McConnell Is the Longest-Serving GOP Leader. But Not the Most Consequential.
(Editor’s Note: This piece first appeared in Real Clear Policy on June 14, 2018.)
Mitch McConnell is a tough guy to figure out. Everyone agrees he’s one of the most consequential figures in American politics. Yet it’s not entirely clear why.
The six-term Republican senator from Kentucky and current majority leader has cultivated a reputation over the years as a master tactician and skilled legislative leader. Still, few can list his legislative accomplishments. Whether he’s squaring off against Democrats or his own party members, the outcome always appears to be the same: McConnell wins. Even so, it isn’t clear what winning means for Republicans or the Senate.
Perhaps because of this ambiguity, McConnell set a record this week as the longest-serving Republican leader in Senate history. In doing so, he moved one step closer to eclipsing Mike Mansfield (D-MT) as the longest-serving leader of either party in the Senate.
Breaking Mansfield’s record would be the perfect capstone to McConnell’s career. He often cites the Senate legend as an example of the kind of leader he aspires to be. Unlike the ever-enigmatic McConnell, however, people know why Mansfield is important. From 1961 to 1977, Mansfield deftly guided the Senate through a thicket of domestic unrest, political assassinations, wars, congressional investigations, and a presidential impeachment controversy. And through all the controversy, the Senate managed to keep legislating — in large part due to Mansfield’s leadership.
While there are many similarities between today’s Senate and that of Mansfield’s time, the institution has, under McConnell’s leadership, proven largely incapable of legislating in the face of even the slightest controversy. This contrast is a testament to the impact a truly skilled leader can have. For that reason, comparing McConnell’s tenure with Mansfield’s can help us form an accurate assessment of McConnell’s record-breaking reign as Republican leader.
Having done so, it turns out McConnell isn’t too hard to figure out after all.
McConnell may aspire to emulate Mansfield, but, in truth, the two men’s views of the Senate differ dramatically. Whereas Mansfield saw a deliberative body in which all senators were equal, McConnell sees a factory, the purpose of which is to produce legislation. And whereas Mansfield understood the majority leader’s job as facilitating senators’ participation in the legislative process, McConnell understands it in terms of a foreman whose job it is to make the production process run smoothly.
In short, McConnell sees the Senate as a means to an end rather than as a valuable institution in its own right.

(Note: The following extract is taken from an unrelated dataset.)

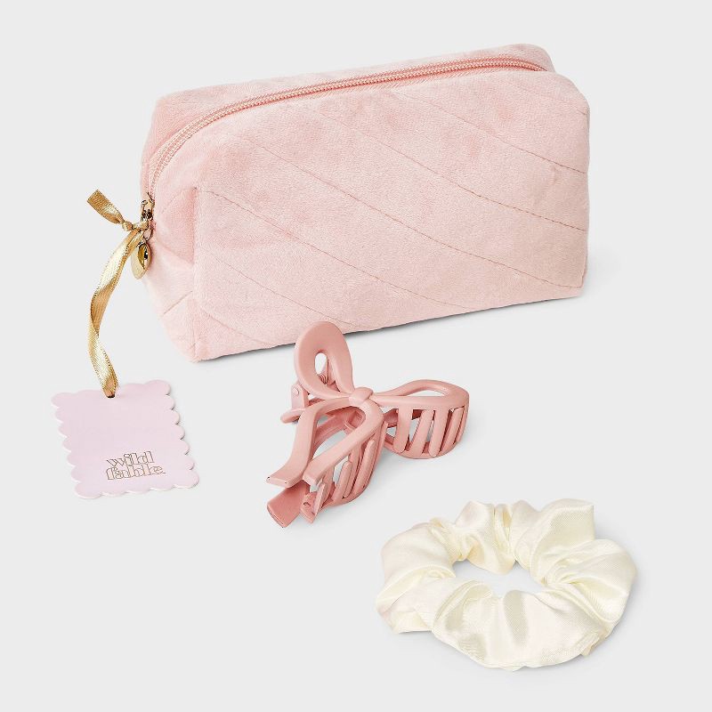 Discover the perfect blend of style and functionality with the fleece pouch bow claw clip satin twister spa set from Wild Fable. This set, in a charming pink color, includes a hair twister, claw clip,…

Remarkably, McConnell has flourished despite the gridlock that nearly always results from his peculiar lawmaking approach. He’s done so by demonstrating an uncanny ability to avoid responsibility by blaming others for the Senate’s shortcomings while simultaneously taking credit for the fact that things did not turn out worse. For example, consider how he alternates effortlessly between blaming the Senate’s lackluster record on the Democrats’ “historic obstruction” and praising that record as the best he’s seen in his long career.
When you consider both the superficial nature of McConnell’s legislative accomplishments and the dramatic decline in senators’ autonomy during his tenure, his reputation as a first-rate leader becomes all the more surprising. The fact that McConnell hasn’t yet faced a single significant challenge to his leadership suggests that his real accomplishment has been affecting a wholesale change in how his fellow Republicans understand the Senate’s place in the political process.
Once McConnell’s Senate-as-a-factory view is acknowledged, it becomes clear why he pays so much attention to electoral politics. For McConnell, winning elections is necessary to control the Senate’s means of production: its committee chairs, leadership positions, and votes. Without these, achieving one’s ends in politics is impossible. Winning elections to maintain (or regain) a majority is therefore the ultimate end of his efforts. He is unwilling to tolerate freewheeling debates à la Mansfield precisely because these can’t be controlled. And while the Senate has proved incapable of accomplishing very much with McConnell’s approach, as compared to Mansfield’s, the majority leader can at least keep divisions within his party under wraps and thus present the electorate with a unified — and inoffensive — message during elections.
That’s why McConnell ruled out passing a budget or tackling entitlement reform this year. It’s an election year, and both initiatives divide Republicans. However familiar, this reasoning would be considered strange under more normal circumstances. After all, the Republicans control both the Congress and the presidency for the first time in 11 years. If not now, when?
But for McConnell, what happens in elections is more important than what transpires between them. Of course, to a certain extent, his view makes sense. Failing to hold the Senate in November will affect what the Republicans are able to do in 2019. But such logic quickly becomes circular and self-defeating; there is always another election looming just around the corner.
In 2019, Republicans will already be looking ahead to 2020 with trepidation. Having embraced McConnell’s logic, Senate Republicans will be left waiting for their big break — the moment when they will finally get to deliver on all the commitments they’ve made over the years. Yet, like Vladimir and Estragon waiting indefinitely for Godot, they, too, have not yet realized their time simply is not coming.